§ **SUPPLIED DATA**:
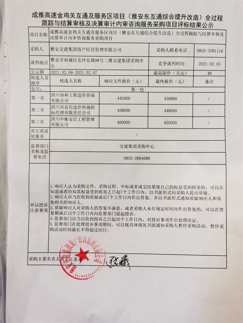 雅安交建集團(tuán)資產(chǎn)經(jīng)營管理有限公司成雅高速金雞關(guān)互通及服務(wù)區(qū)項目(雅安東互通綜合提升改造)全過程跟蹤與結(jié)算審核及決算審計內(nèi)審咨詢服務(wù)評標(biāo)結(jié)果公示
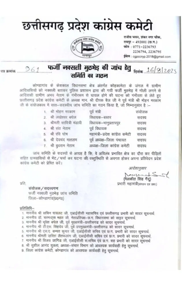 प्रदेश कांग्रेस कमेटी के अध्यक्ष दीपक बैज ने इस समिति का गठन किया है, जिसका नेतृत्व पूर्व मंत्री मोहन मरकाम करेंगे। समिति को तत्काल प्रभावित क्षेत्र का दौरा करने और पीड़ित परिवारों तथा ग्रामीणों से मुलाकात कर वस्तुस्थिति की जांच करने के निर्देश दिए गए हैं। समिति अपनी जांच रिपोर्ट प्रदेश कांग्रेस कमेटी को सौंपेगी।
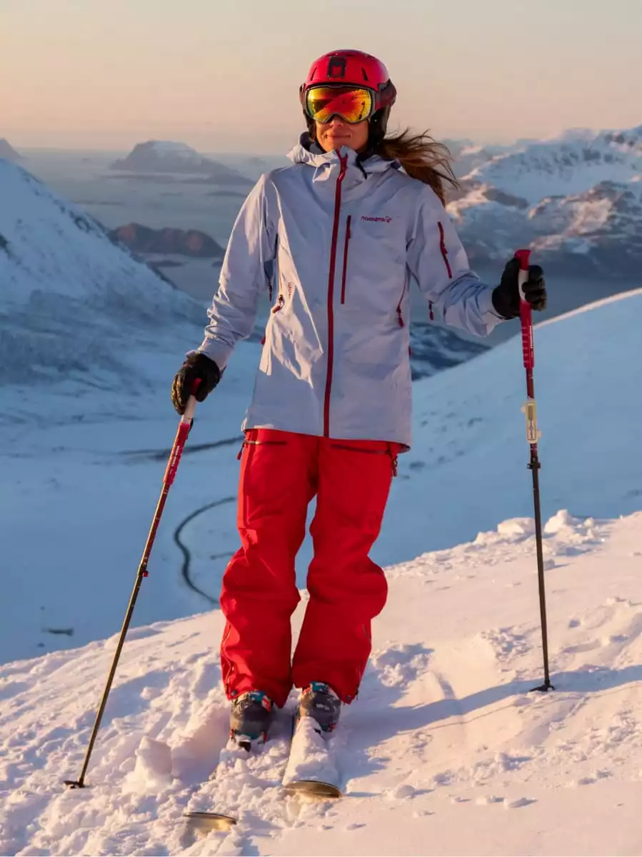 Viktige frikjøringsfuksjoner inkluderer asymmetriske mansjetter med Velcro®-justering, innvendig brystlomme, vannavstøtende YKK®-glidelåser, to-veis ventilasjon under armene og et avtakbart snøskjørt med glidelås og trykknapper.
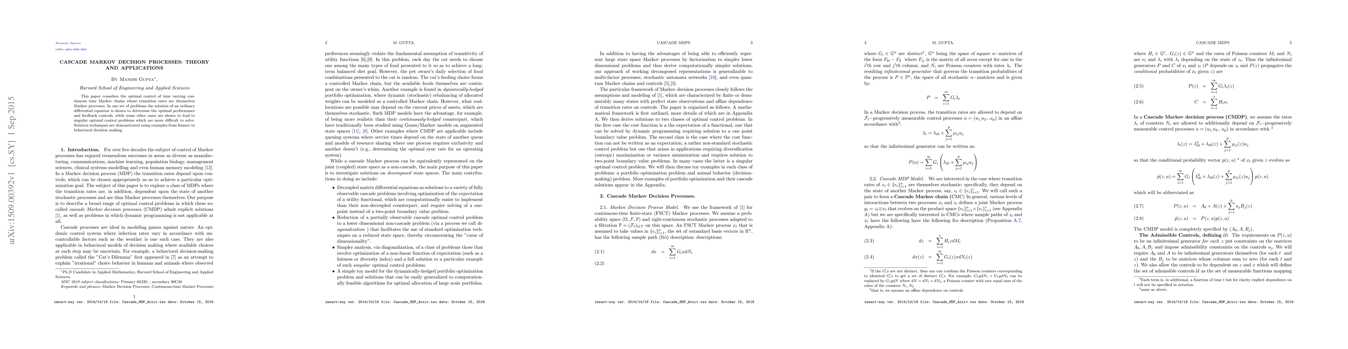 This paper explores the optimal control of time-varying continuous Markov chains with transition rates governed by Markov processes. It demonstrates solution techniques for both ordinary differential equations and singular optimal control problems, illustrated through applications in finance and behavioral decision making.

§ **WORK INSTRUCTION**: Reproduce the listing above exactly, excluding all pictures.

§ **TASK ANSWER**:
 雅安交建集團(tuán)資產(chǎn)經(jīng)營管理有限公司成雅高速金雞關(guān)互通及服務(wù)區(qū)項目(雅安東互通綜合提升改造)全過程跟蹤與結(jié)算審核及決算審計內(nèi)審咨詢服務(wù)評標(biāo)結(jié)果公示
 प्रदेश कांग्रेस कमेटी के अध्यक्ष दीपक बैज ने इस समिति का गठन किया है, जिसका नेतृत्व पूर्व मंत्री मोहन मरकाम करेंगे। समिति को तत्काल प्रभावित क्षेत्र का दौरा करने और पीड़ित परिवारों तथा ग्रामीणों से मुलाकात कर वस्तुस्थिति की जांच करने के निर्देश दिए गए हैं। समिति अपनी जांच रिपोर्ट प्रदेश कांग्रेस कमेटी को सौंपेगी।
 Viktige frikjøringsfuksjoner inkluderer asymmetriske mansjetter med Velcro®-justering, innvendig brystlomme, vannavstøtende YKK®-glidelåser, to-veis ventilasjon under armene og et avtakbart snøskjørt med glidelås og trykknapper.
 This paper explores the optimal control of time-varying continuous Markov chains with transition rates governed by Markov processes. It demonstrates solution techniques for both ordinary differential equations and singular optimal control problems, illustrated through applications in finance and behavioral decision making.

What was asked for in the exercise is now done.